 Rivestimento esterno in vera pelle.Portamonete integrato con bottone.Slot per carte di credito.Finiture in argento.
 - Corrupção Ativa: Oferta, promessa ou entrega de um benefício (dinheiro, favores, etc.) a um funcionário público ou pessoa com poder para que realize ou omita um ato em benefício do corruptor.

==

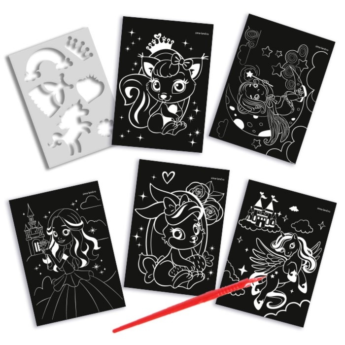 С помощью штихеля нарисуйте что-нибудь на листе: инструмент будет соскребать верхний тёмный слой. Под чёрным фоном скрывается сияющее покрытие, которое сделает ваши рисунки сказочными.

▶ **ASSIGNMENT**: Transcribe the records above from the line holding "Rivestimento esterno in" down to the line holding "- Corrupção Ativa: Oferta, promessa", inclusive, without adding anything.

▶ **RESULT**:
 Rivestimento esterno in vera pelle.Portamonete integrato con bottone.Slot per carte di credito.Finiture in argento.
 - Corrupção Ativa: Oferta, promessa ou entrega de um benefício (dinheiro, favores, etc.) a um funcionário público ou pessoa com poder para que realize ou omita um ato em benefício do corruptor.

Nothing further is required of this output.